Below is a list of questions you should ask as you review growth opportunities for your business:
- Is now the right time to grow?
- Is capital available to fuel our growth?
- Are market conditions ripe for growth opportunities?
- What strategies should be used to facilitate growth? How do we know whether these strategies are appropriate for our business?
- Will our current business structure support this selected growth strategy or do we need to make changes? Does our growth strategy present new risks or make us vulnerable?
To get these answers, you need to take some dedicated time with your team to develop a growth plan that looks at the current situational and SWOT—Strengths, Weaknesses, Opportunities and Threats—to determine key areas of focus. Two examples are:
- Go Deep vs. Go Wide (Should you expand in your existing market or enter new markets?)

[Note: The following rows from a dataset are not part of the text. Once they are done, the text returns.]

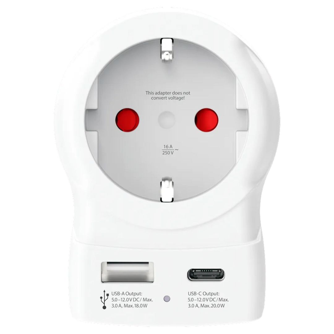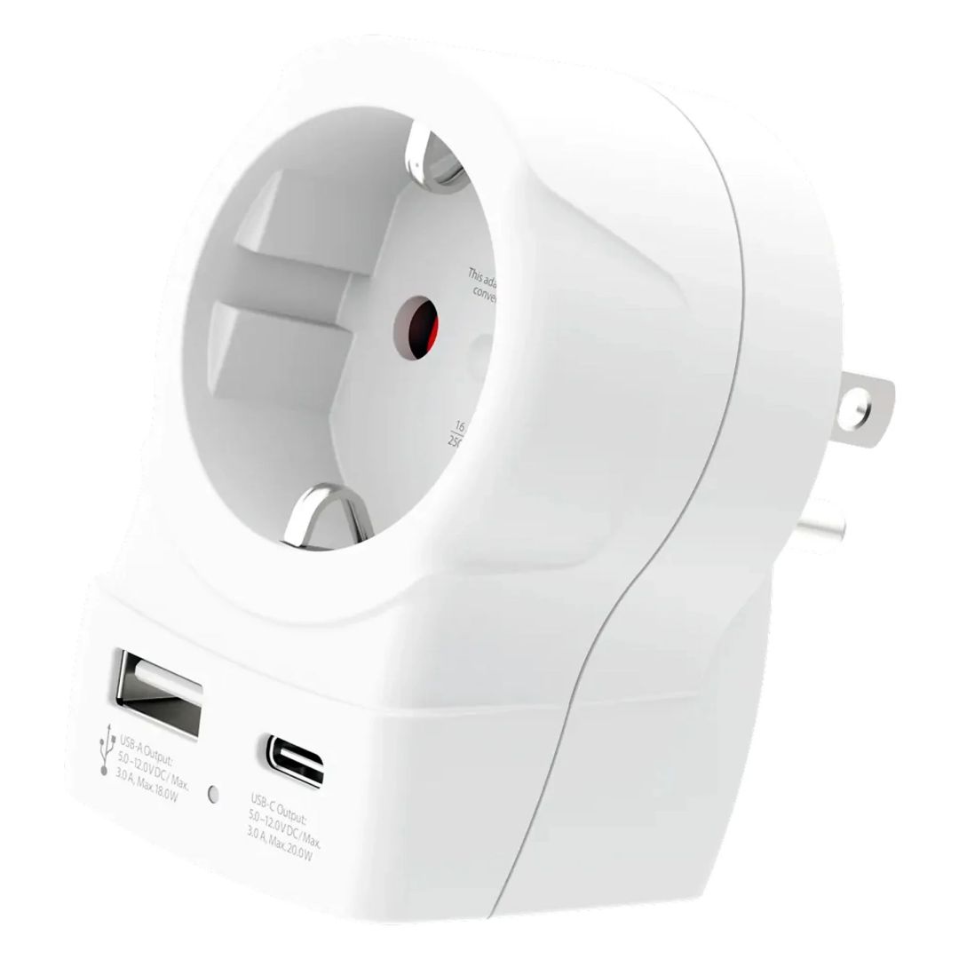 A SKROSS® Europe to USA USB megbízható és egyszerű megoldást nyújt, ha Schuko vagy Euro csatlakozós európai eszközeit az amerikai szabványú (USA) aljzatokhoz szeretné csatlakoztatni. Biztonságosan támogatja még a nagy teljesítményű készülékeket is, például laptopokat és hajszárítókat, miközben lehetővé teszi két USB-eszköz egyidejű töltését (USB-A + USB-C). Kompakt, praktikus megoldás, ha az Egyesült Államokba vagy bármelyik másik, USA-szabványt alkalmazó országba utazik.
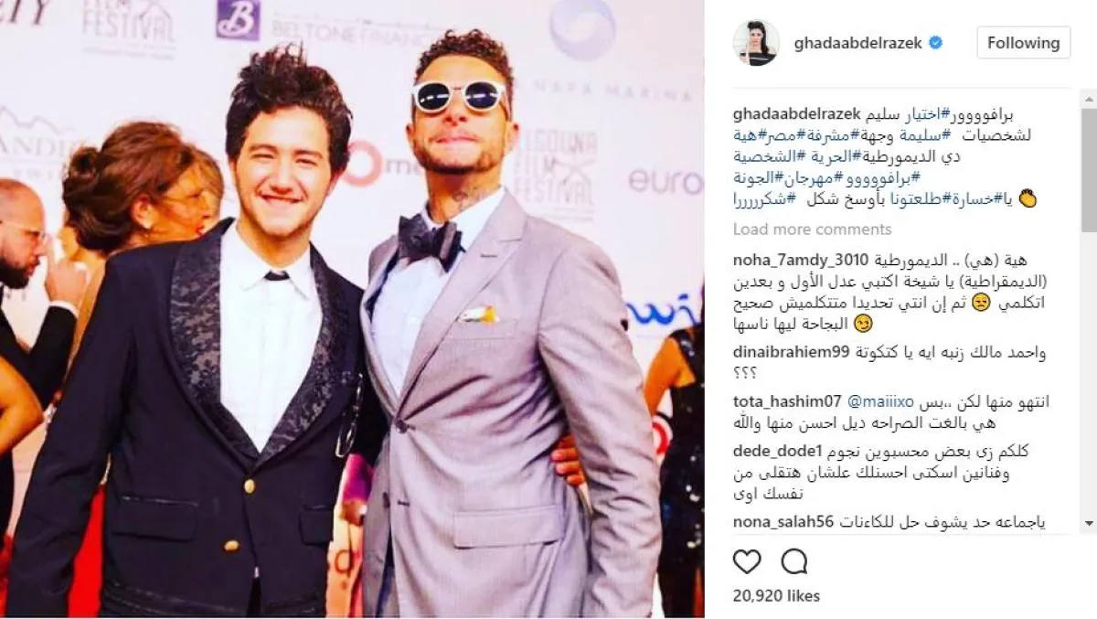 غادة لم تتواجد ضمن نجوم الدورة الأولى لمهرجان الجونة السينمائي الدولي، واستخدمت حسابها على موقع إنستقرام للتعليق أوّلاً بأوّل على أحداث حفل الافتتاح، وفور ظهور النجم أحمد الفيشاوي وإطلاقه وصفاً خارجاً قبل العرض الأول لفيلمه "الشيخ جاكسون" أعادت غادة نشر صورة له برفقة الفنان أحمد مالك وعلقت عليها قائلة: برافوووور اختيار سليم لشخصيات سليمة وجهة مشرفة مصر هية دي الديمورطية الحرية الشخصية برافووووو مهرجان الجونة يا خسارة طلعتونا بأوسخ شكل شكرررررا !!
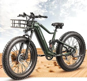 Boxer Electric Bike for Adults 1000W, 48V 20AH Battery Ebike, Full Suspension 26" Fat Tire E Bike, 28MPH 80Miles Range Mountain Electric Bicycle, 7 Speed Hydraulic Disc Brakes
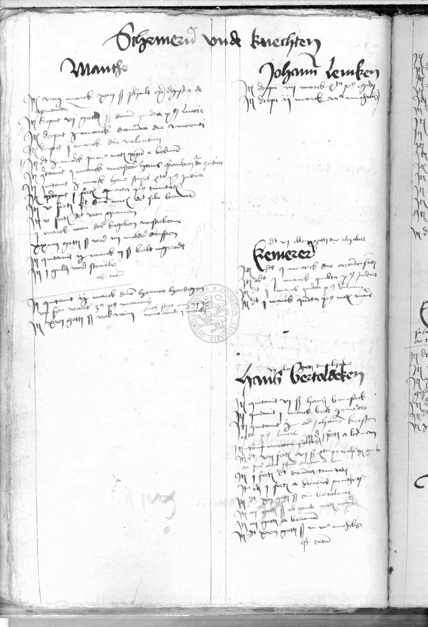 | Rubrum: | scriveren unde knechten |
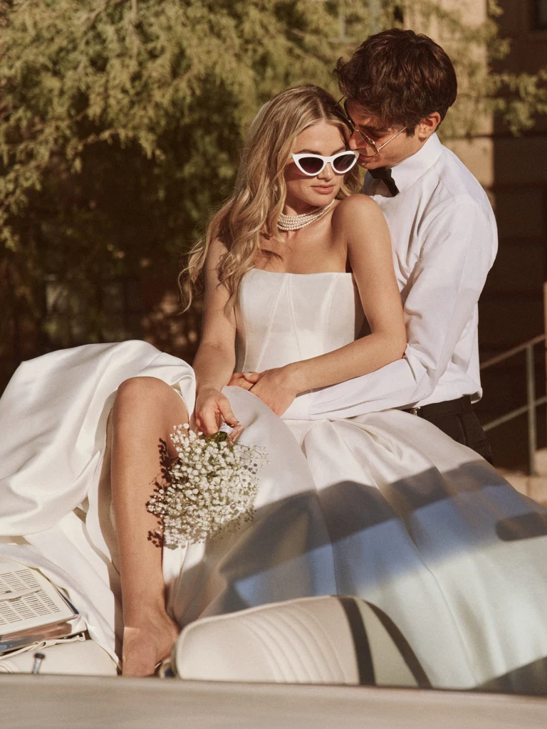 The Fortune gown from the Fall 2024 Maggie Sottero Bridal Collection is a romantic, Bridgerton-inspired masterpiece that has quickly become a staff favorite. This strapless satin gown features a corset detail on the bodice and a dropped waist, creating a flattering silhouette that exudes elegance. The full ballgown skirt adds a touch of drama, perfect for a formal wedding, while the inclusion of pockets brings a chic, modern twist. This gown effortlessly combines classic romance with contemporary style, making it an unforgettable choice for any bride.
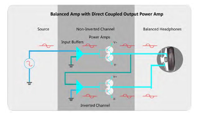 バランス駆動の仕組み。左右それぞれのチャンネルで、正相と逆相(Inverted)が別々のアンプによって駆動されている
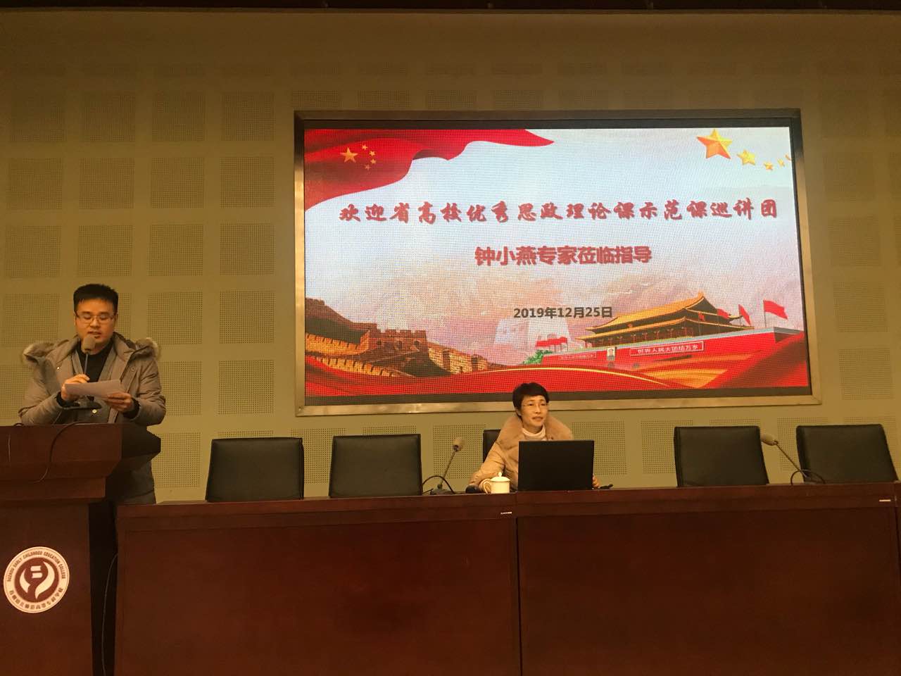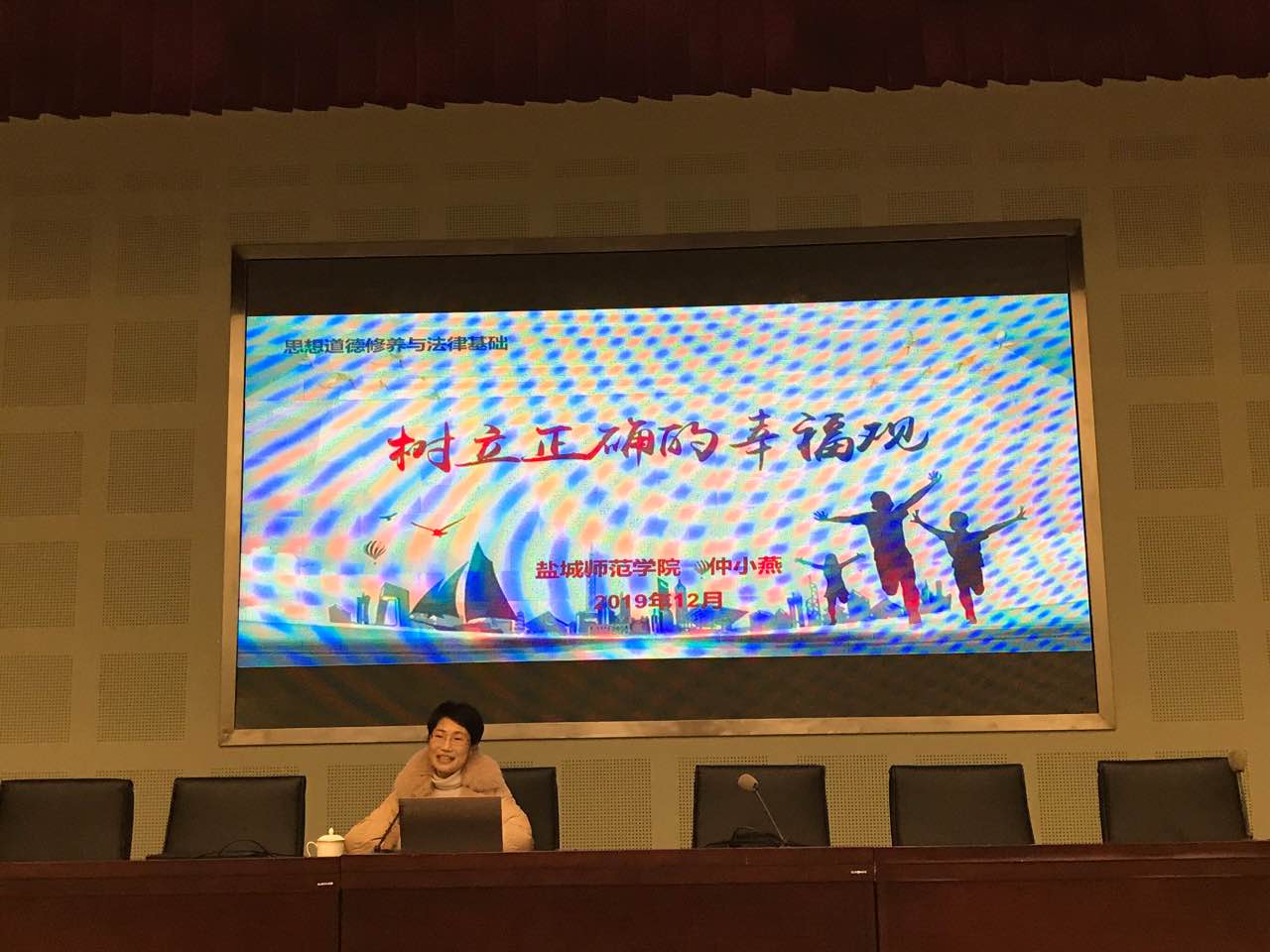 为深入学习贯彻习近平总书记在学校思想政治理论课教师座谈会上的重要讲话精神,12月25日下午,江苏省高校优秀思想政治理论课示范课巡讲活动走进我校。省高校优秀思政课示范课巡讲团成员,盐城师范学院马克思主义学院思品系主任仲小燕教授来我校作了一场精彩的思政课示范教学。我校全体18级学生和部分思政教师一起聆听了示范课。组织人事处潘伟斌副处长主持了本次示范课巡讲活动。

- Buy vs. Build (Should you develop new, organic capabilities or should you buy them?)
You should not make these decisions alone or in a vacuum. Engage your management team as you see fit and develop a board of advisors to guide you in your growth journey. Consider them an insurance policy that serve as extra sets of eyes and ears to make sure you don’t miss any key elements or opportunities as you develop your growth strategy.
Setting the Stage for Growth: A 7-Step Checklist of Key Issues
Before you can prepare your company for additional growth, you need to analyze your strengths and weaknesses. Taking these steps will help you concentrate your efforts in the areas where you have the best chance of success. By looking for strengths you will also spot your company’s weaknesses. Start with these areas:
1. Costs and revenues.
Examine them for every part of your business. Are revenues rising or falling? How about profit margins? Which divisions or departments stand out? Why? Do you have a strong positive cash flow?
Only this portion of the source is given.